5. Describe the steps that a type checker would go through in checking the type of a let-expression in the CHECKED language of section 7.1.
6. Suppose that we wanted to add to the LETREC language a when-expression, with the syntax
when <expression> <expression>

A when-expression has the value of its second subexpression if the value of its first subexpression is the Boolean value true; otherwise, the value of the when-expression is the Boolean value false.

Which, if either, of the subexpressions of a when-expression are in operand position? Which, if either, are in tail position?

7. Write a specification (similar to those in section 5.1 of the textook) for each new variant of the continuation data type that would be needed in order to add when-expressions to the continuation-passing interpreter for LETREC developed there.
8. Suppose that we wanted each thread in a multithreaded computation to have a priority --an integer indicating how important and time-critical the thread is -- and that we wanted higher-priority threads always to run before lower-priority ones, while threads of equal priority trade off like all the threads in the implementation in section 5.5 of the textbook. What would we have to change in the language and implementation of THREADS in order to achieve this?
9. Convert the following LETREC program to continuation-passing style, using the algorithm presented in chapter 6 of the textbook.
letrec iterate(n) = proc (f)
                     proc (b)
                      if zero?(n)
                      then b
                      else (f (((iterate -(n, 1)) f) b))
in (((iterate 5) proc(n) -(n, -(0, n))) 7)
10. In a language that uses dynamic scope, how is the binding of an identifier that occurs free in a function definition determined at run time?
11. I/O is notoriously one of the most difficult parts of a language to design; there seems to be no approach that pleases everyone. Here are three approaches to the problem of outputting values of various data types. If you were designing a general-purpose programming language, which of these approaches would you be most likely to choose, and why?

(1) In SNOBOL4, there is a predefined identifier OUTPUT that is treated as a write-only reference. Attempting to determine the value of OUTPUT is a run-time error; however, OUTPUT can be used in any other context that requires a reference, such as the left-hand side of an assignment. When a value is assigned to OUTPUT, it is coerced to the STRING data type (if this is not possible, a run-time error occurs) and the result is written to standard output, usually the terminal monitor. For example, the SNOBOL4 equivalent of Scheme's

(display "x is equal to ")
(display x)
(newline)

where the value of x is an integer, would be

OUTPUT = "x is equal to " x

(In SNOBOL4, the blank is used as a string-concatenation operator.)

(2) In the C++ programming language, there is a binary operator <<. When the left operand is a text stream (i.e., what Scheme calls an output port connected to text file), the << operator signifies that the value of the right operand is to be output to that stream. The operator is multiply overloaded; for every simple C++ data type, there is a different << procedure to output a value of that type, and the compiler determines which one to use by determining the type of the second operand. (Actually, the << operator is overloaded even further; when an expression of integer type appears as left operand, << signifies a left arithmetic shift, with the number of bit positions to be shifted determined by the value of the second operand.)

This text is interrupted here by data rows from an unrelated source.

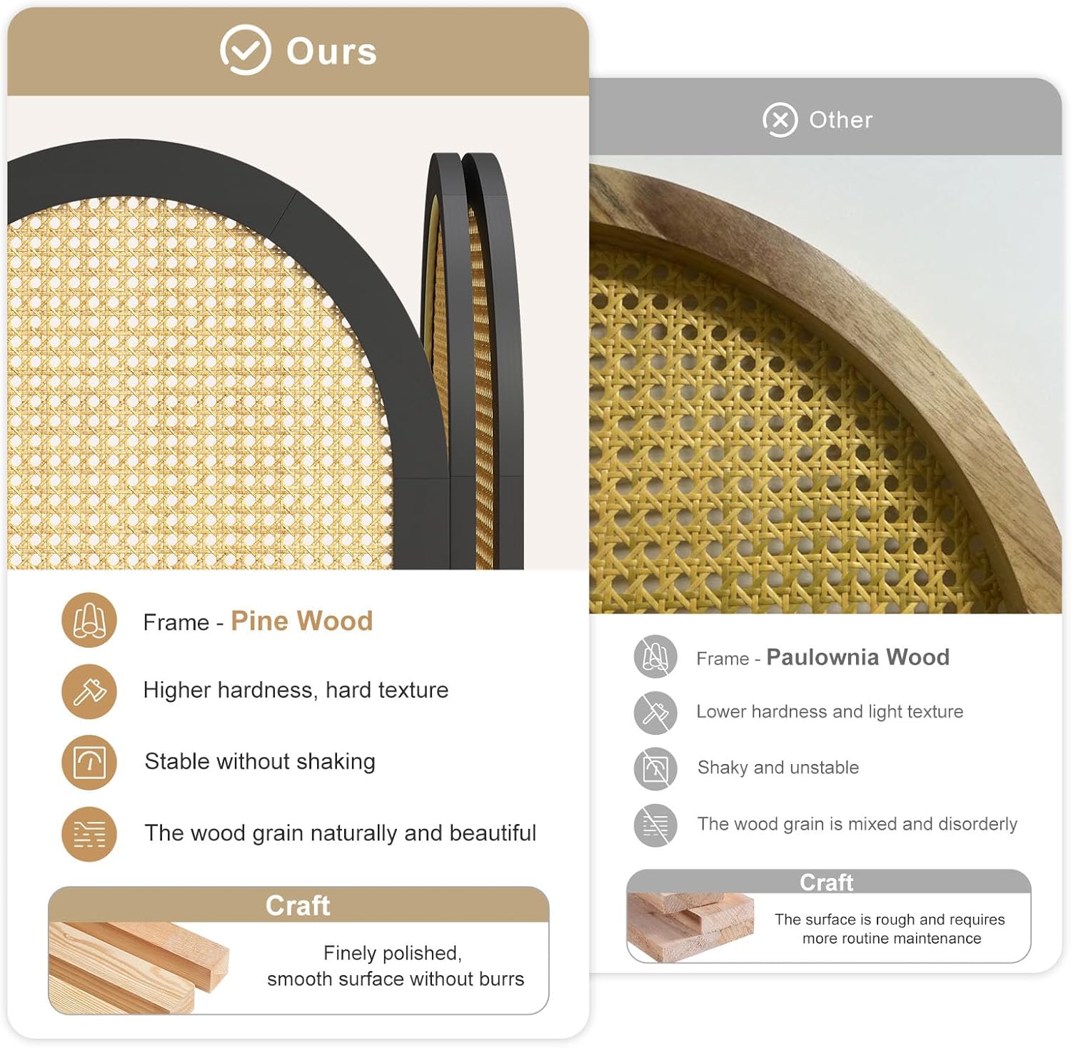- Premium Pine Wood Frame: Crafted from durable pine wood (not common paulownia), this frame offers higher density and greater wear resistance. Natural pine grain adds elegant texture, while minimalist rattan design and warm tones bring a cozy, organic touch to your space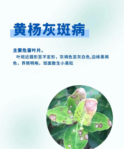 症状:叶片上出现不规则的斑点,颜色多样,严重时会导致叶片枯黄脱落。
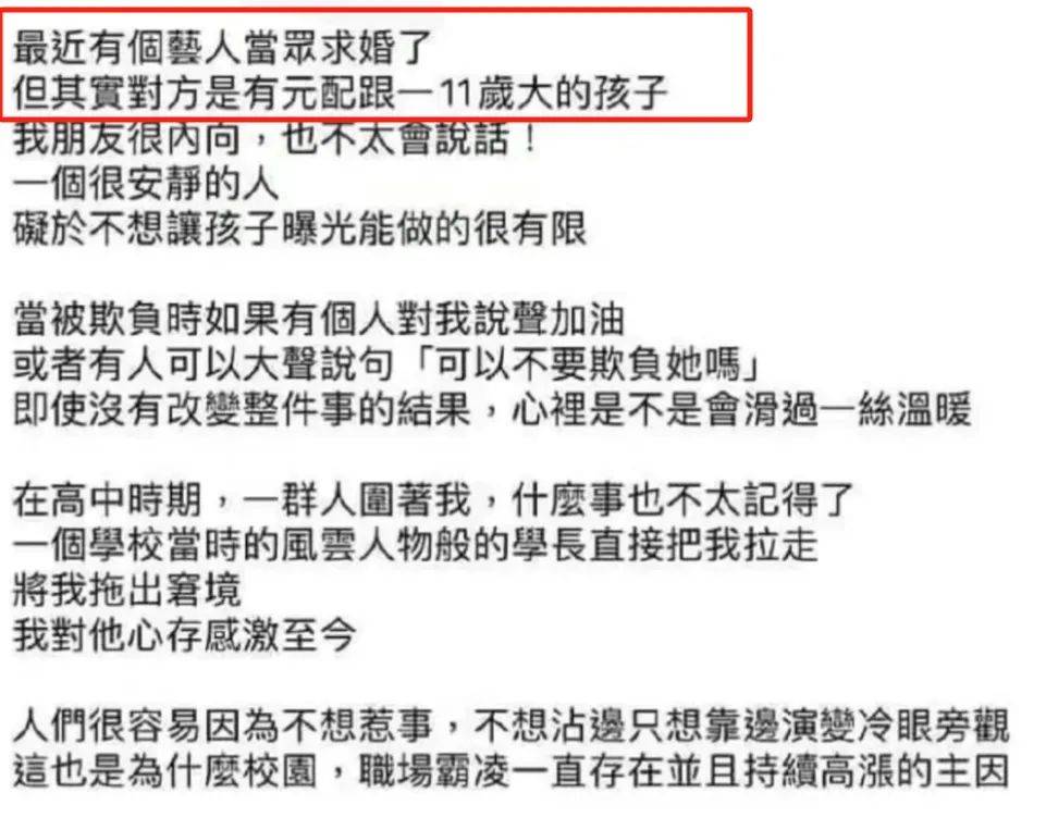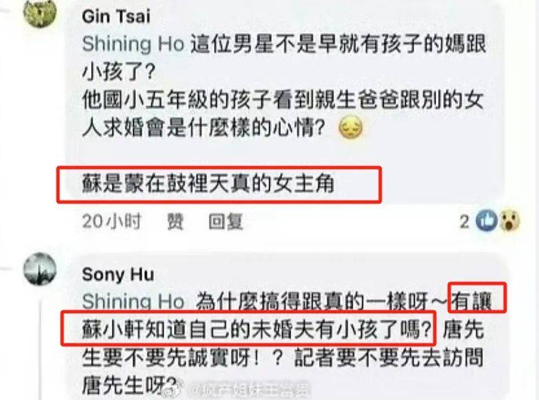 在他成功求婚苏小轩之后,外网有账号发文,疑似是替孩子妈妈抱不平,说“最近有个艺人当众求婚了,但其实对方是有原配跟一个11岁大的孩子”↓↓

In C++, the output statement given as an example above would be written

cout << "x is equal to " << x << "\n";

where cout is the standard output stream and "\n" is a string containing only a line terminator.

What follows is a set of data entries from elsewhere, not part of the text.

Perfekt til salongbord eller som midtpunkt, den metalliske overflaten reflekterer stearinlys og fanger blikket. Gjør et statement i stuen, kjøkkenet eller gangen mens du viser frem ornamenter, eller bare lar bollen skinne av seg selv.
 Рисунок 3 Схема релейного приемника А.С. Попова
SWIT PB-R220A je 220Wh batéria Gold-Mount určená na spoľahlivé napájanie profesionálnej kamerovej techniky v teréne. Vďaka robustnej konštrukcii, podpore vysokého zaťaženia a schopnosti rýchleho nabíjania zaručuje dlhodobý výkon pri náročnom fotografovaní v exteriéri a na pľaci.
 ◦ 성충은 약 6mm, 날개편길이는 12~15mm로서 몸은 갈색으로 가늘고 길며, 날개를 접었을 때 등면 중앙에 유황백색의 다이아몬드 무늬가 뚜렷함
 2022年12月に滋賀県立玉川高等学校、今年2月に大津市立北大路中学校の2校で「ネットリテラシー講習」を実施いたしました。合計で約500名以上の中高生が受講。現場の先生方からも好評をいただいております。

(3) For every unstructured data type, and for strings, Modula-2 supplies a special procedure to output a value of that data type: WriteString to output a string, WriteReal to output a real number, and so on, as well as WriteLn to output a line terminator. In Modula-2, the example would be coded as

WriteString ("x is equal to ");
WriteInt (x, 1);
WriteLn

(If you like, you may suggest minor modifications in one of these schemes before announcing your preference for it.)